Provided data START

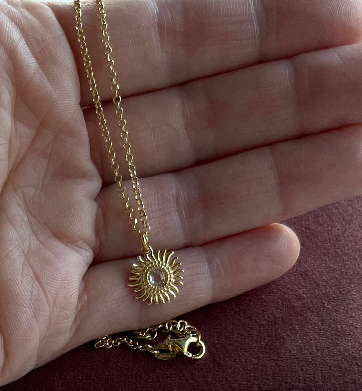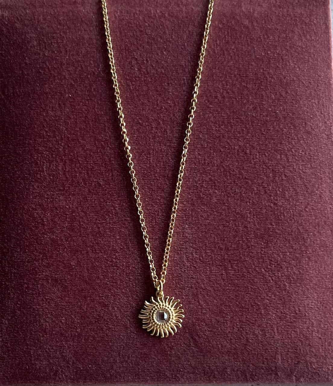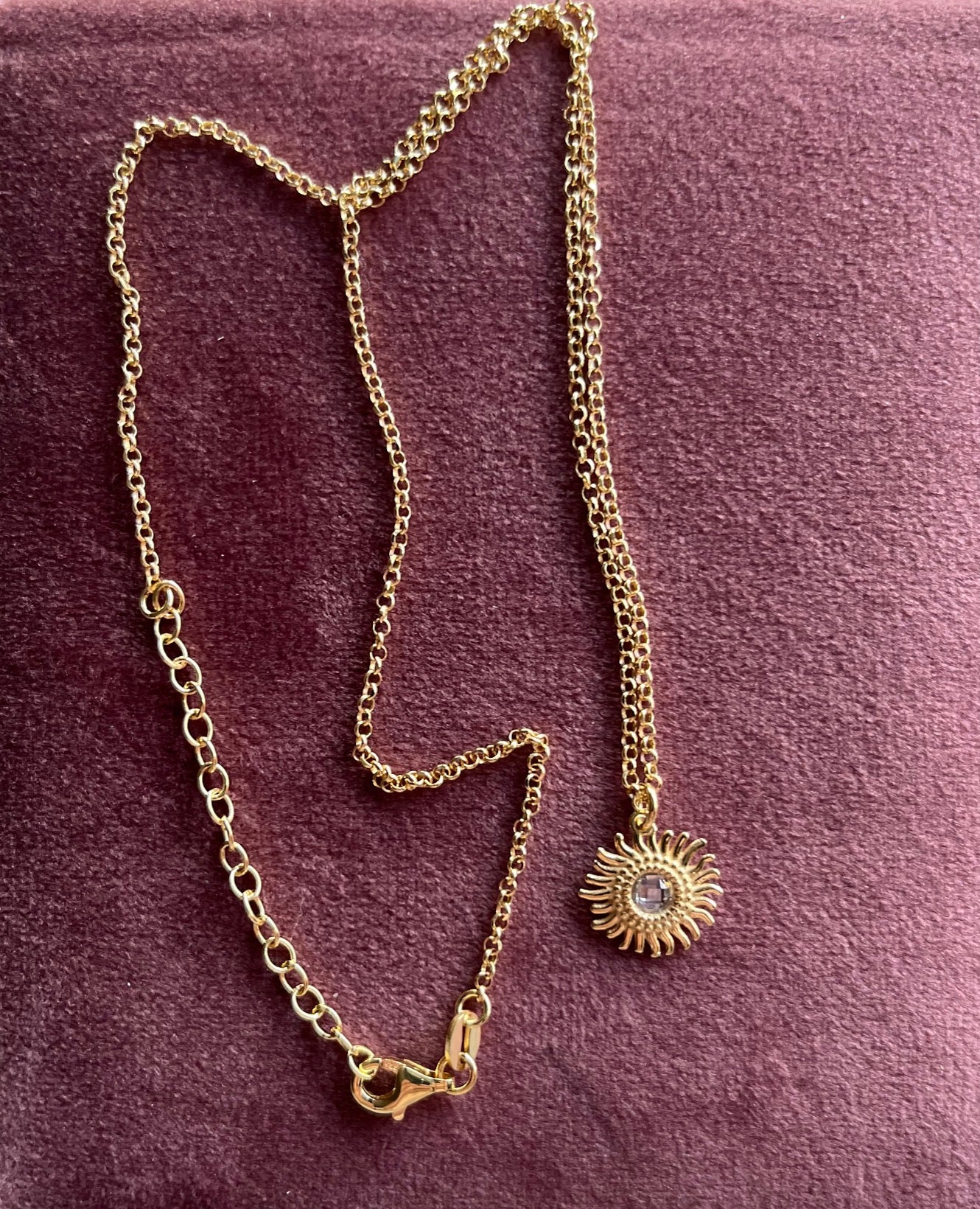 Smuk halskæde i 925 sølv med krystal. Vedhæng har en form for en sol og den måler ca. 12mm x 12mm. Krystallen indeni måler ca. 3mm. Halskæden er guldfarvet og er justerbar 40+5 cm. Rigtig unikt look til hverdag eller fest. Samlet vægt: 4,05g.
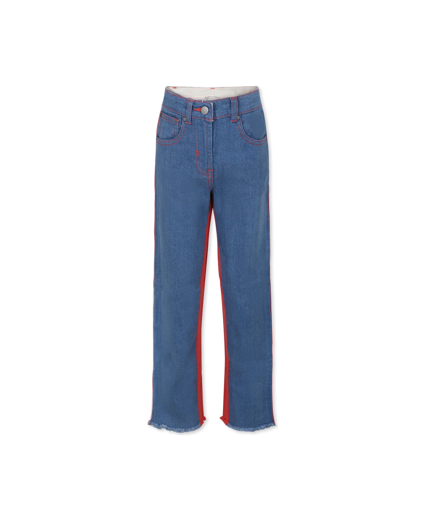 Blue denim jeans, five pockets, with belt loops, front zip and hook fastening, adjustable waist thanks to internal elastic with buttons, frayed edges. They are embellished with a logo patch on the back and logo side bands.
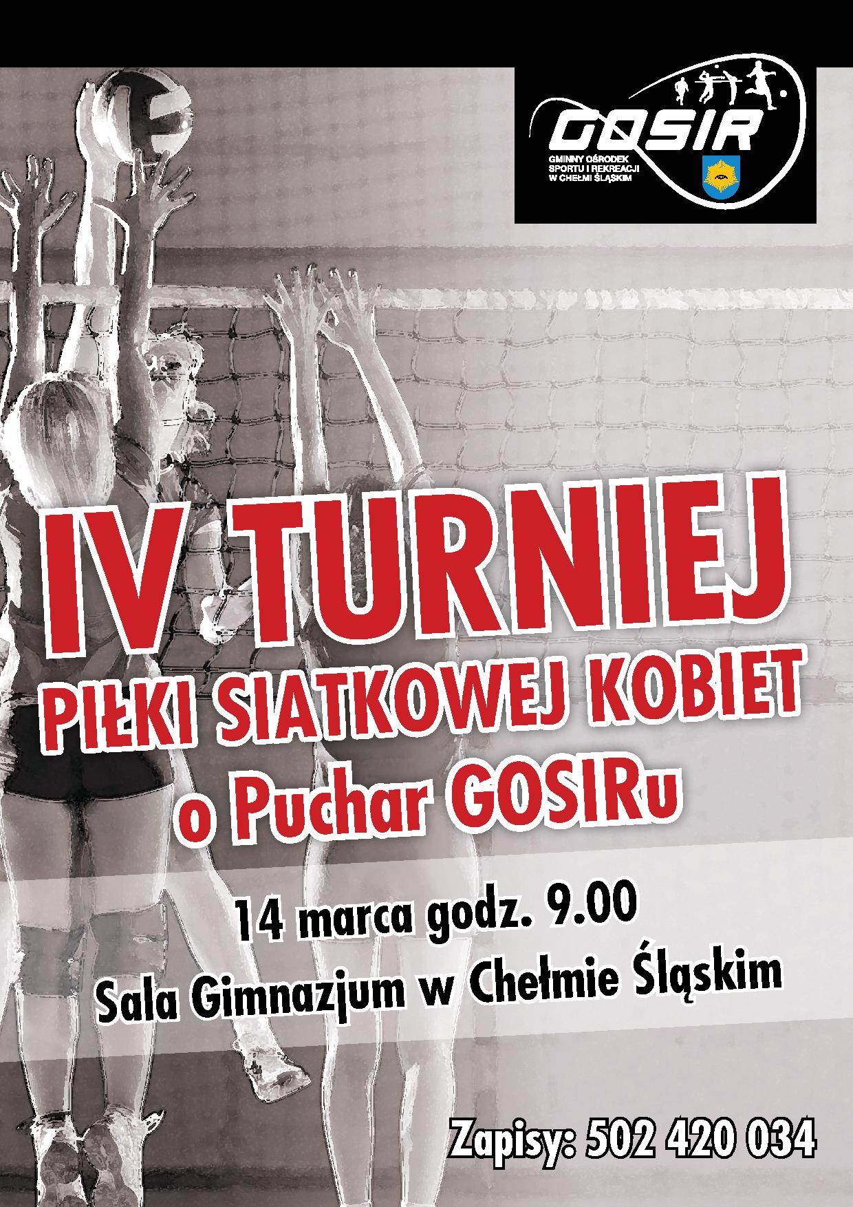 IV Turniej piłki siatkowej kobiet o puchar GOSiR`u odbędzie się 14.03.2015 w Sali Gminazjum w Chełmie Śląskim
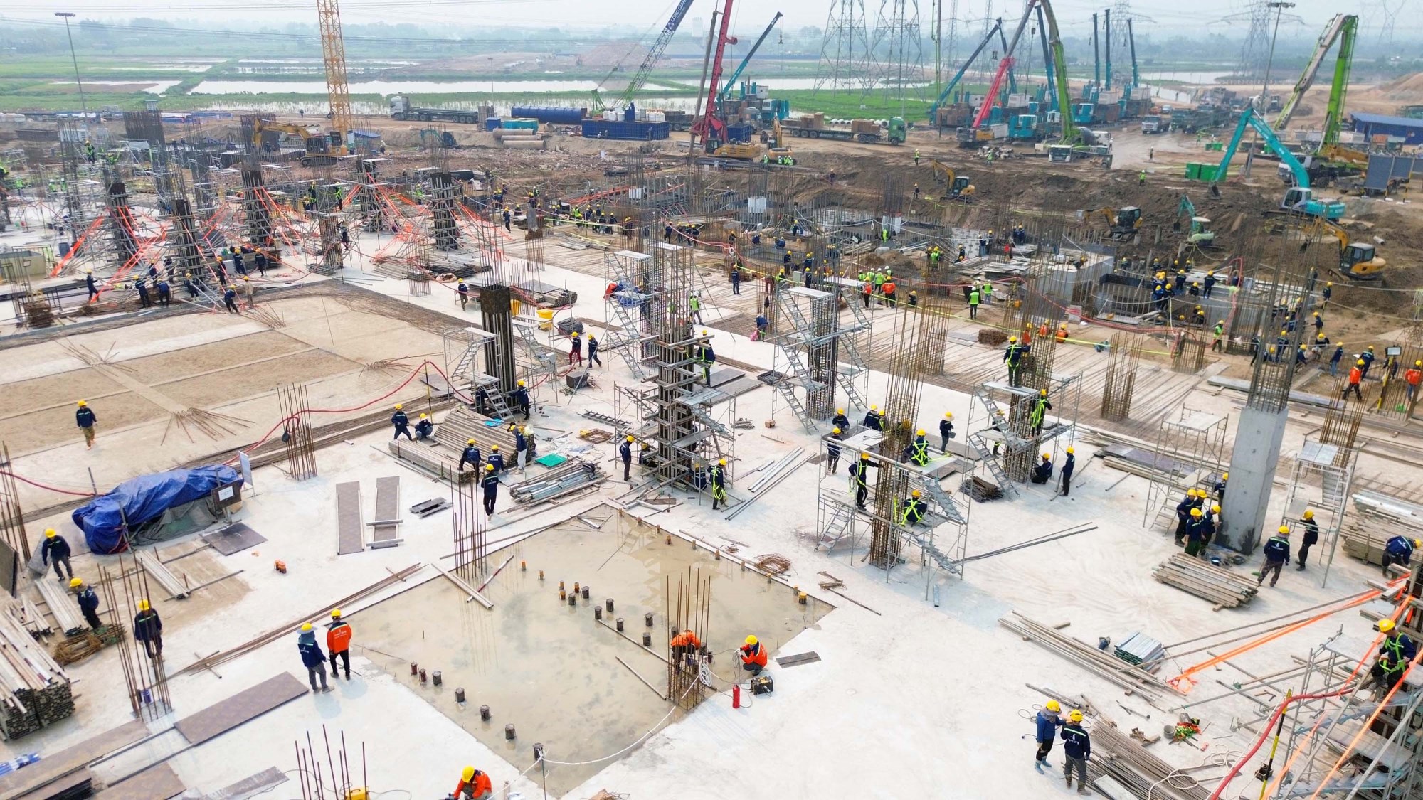 Nhiều vị trí đã bắt đầu xuất hiện các cụm móng, hệ thống cọc bê tông và những dấu hiệu đầu tiên định hình công trình.

Provided data END

Starting at the line that holds "Blue denim jeans, five", repeat every line through the end of the listing exactly as written, skipping any picture.

 Blue denim jeans, five pockets, with belt loops, front zip and hook fastening, adjustable waist thanks to internal elastic with buttons, frayed edges. They are embellished with a logo patch on the back and logo side bands.
 IV Turniej piłki siatkowej kobiet o puchar GOSiR`u odbędzie się 14.03.2015 w Sali Gminazjum w Chełmie Śląskim
 Nhiều vị trí đã bắt đầu xuất hiện các cụm móng, hệ thống cọc bê tông và những dấu hiệu đầu tiên định hình công trình.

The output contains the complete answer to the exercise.